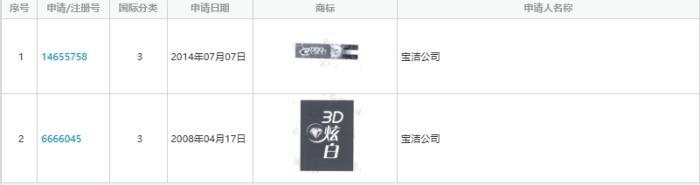 记者在国家知识产权局商标局官网检索发现,宝洁公司已注册两款含“3D炫白”字样商标,但商标样式与目前产品上显示的样式有所不同。
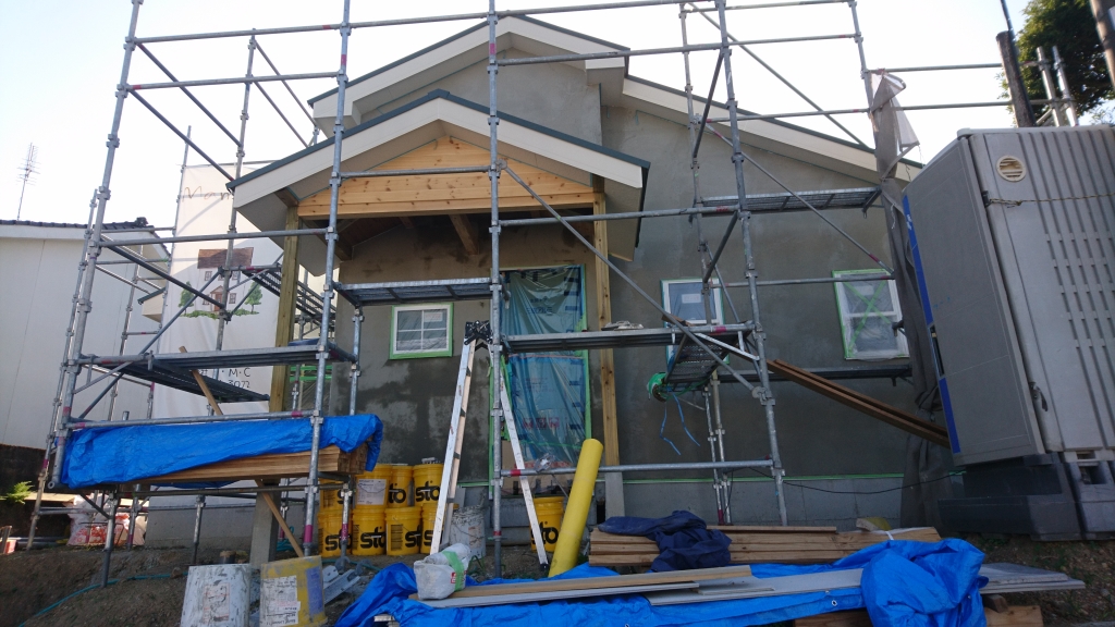 JUGEMテーマ:注文住宅 E様邸の外壁作業です。ベースコートとメッシュの塗り込が終わり、プライマー作業中です。 いよいよSTO塗り作業をします。楽しみです。 ベースコート完了(壁に目地がありません) 玄関を除いてプライマー作業が終わりました。
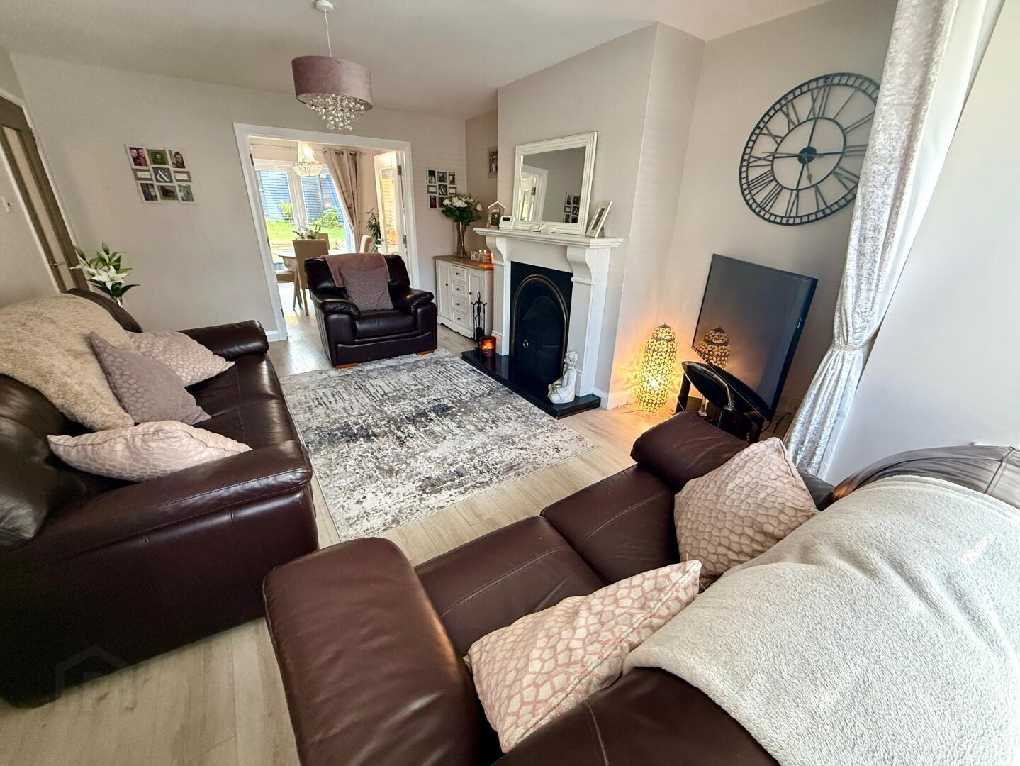 Lounge 17'6 x 12'2 (to widest points) Box Window, Cast iron fireplace with marble surround and granite hearth, double doors to kitchen/Dining.
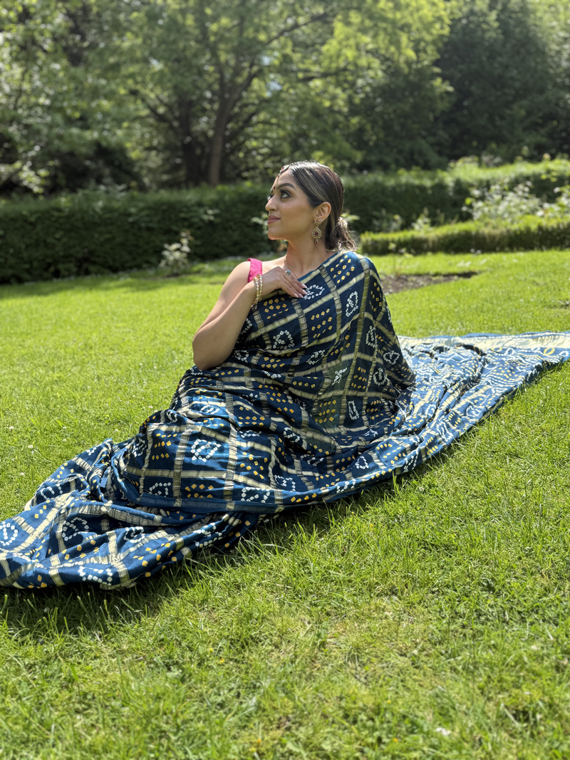 Work: Traditional Bandhani (tie-dye) with geometric and dotted detailing
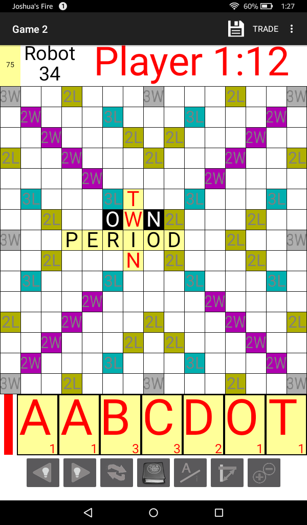 Crosswords 是一个 Scrabble 克隆游戏,它有一个不错的电脑玩家可以对抗,并且可以选择与在同一部手机上轮流或通过互联网或蓝牙连接远程的真人对战。游戏使用标准的 Scrabble 规则进行。玩家使用一组带有字母的方块来组成单词。根据使用的字母获得积分,有些字母价值更高。将字母放在某些位置可以从双字母、三字母、双词和三词奖励中获得更多积分。当玩家在棋盘上放置一个新单词时,它必须连接到棋盘上已有的单词。随着游戏的进行,棋盘呈现出类似填字游戏的外观。
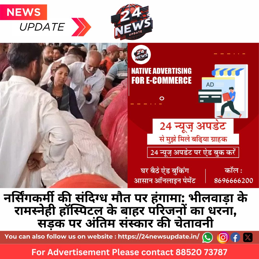 24 News Update भीलवाड़ा। रामस्नेही हॉस्पिटल में कार्यरत 30 वर्षीय नर्सिंगकर्मी भारती कंवर की संदिग्ध परिस्थितियों में मौत के बाद गुरुवार सुबह भीलवाड़ा में आक्रोश भड़क उठा। परिजनों ने अस्पताल प्रशासन पर मौत की जानकारी छिपाने का गंभीर आरोप लगाते हुए हॉस्पिटल के बाहर जोरदार विरोध प्रदर्शन किया और सड़क पर ही अंतिम संस्कार की चेतावनी दी। परिजनों का कहना है कि भारती की मौत बुधवार रात ड्यूटी के दौरान ही हो गई थी, लेकिन अस्पताल प्रशासन ने इस बात की सूचना गुरुवार सुबह करीब 5:30 बजे दी। जब परिवार के सदस्य अस्पताल पहुंचे, तब भारती का शव पहले ही एक एम्बुलेंस में रख दिया गया था, जिसे सरकारी अस्पताल की मोर्चरी ले जाने की तैयारी चल रही थी।

Exercise directions —
Omit the pictures and reproduce the records above exactly.

Task response —
 记者在国家知识产权局商标局官网检索发现,宝洁公司已注册两款含“3D炫白”字样商标,但商标样式与目前产品上显示的样式有所不同。
 JUGEMテーマ:注文住宅 E様邸の外壁作業です。ベースコートとメッシュの塗り込が終わり、プライマー作業中です。 いよいよSTO塗り作業をします。楽しみです。 ベースコート完了(壁に目地がありません) 玄関を除いてプライマー作業が終わりました。
 Lounge 17'6 x 12'2 (to widest points) Box Window, Cast iron fireplace with marble surround and granite hearth, double doors to kitchen/Dining.
 Work: Traditional Bandhani (tie-dye) with geometric and dotted detailing
 Crosswords 是一个 Scrabble 克隆游戏,它有一个不错的电脑玩家可以对抗,并且可以选择与在同一部手机上轮流或通过互联网或蓝牙连接远程的真人对战。游戏使用标准的 Scrabble 规则进行。玩家使用一组带有字母的方块来组成单词。根据使用的字母获得积分,有些字母价值更高。将字母放在某些位置可以从双字母、三字母、双词和三词奖励中获得更多积分。当玩家在棋盘上放置一个新单词时,它必须连接到棋盘上已有的单词。随着游戏的进行,棋盘呈现出类似填字游戏的外观。
 24 News Update भीलवाड़ा। रामस्नेही हॉस्पिटल में कार्यरत 30 वर्षीय नर्सिंगकर्मी भारती कंवर की संदिग्ध परिस्थितियों में मौत के बाद गुरुवार सुबह भीलवाड़ा में आक्रोश भड़क उठा। परिजनों ने अस्पताल प्रशासन पर मौत की जानकारी छिपाने का गंभीर आरोप लगाते हुए हॉस्पिटल के बाहर जोरदार विरोध प्रदर्शन किया और सड़क पर ही अंतिम संस्कार की चेतावनी दी। परिजनों का कहना है कि भारती की मौत बुधवार रात ड्यूटी के दौरान ही हो गई थी, लेकिन अस्पताल प्रशासन ने इस बात की सूचना गुरुवार सुबह करीब 5:30 बजे दी। जब परिवार के सदस्य अस्पताल पहुंचे, तब भारती का शव पहले ही एक एम्बुलेंस में रख दिया गया था, जिसे सरकारी अस्पताल की मोर्चरी ले जाने की तैयारी चल रही थी।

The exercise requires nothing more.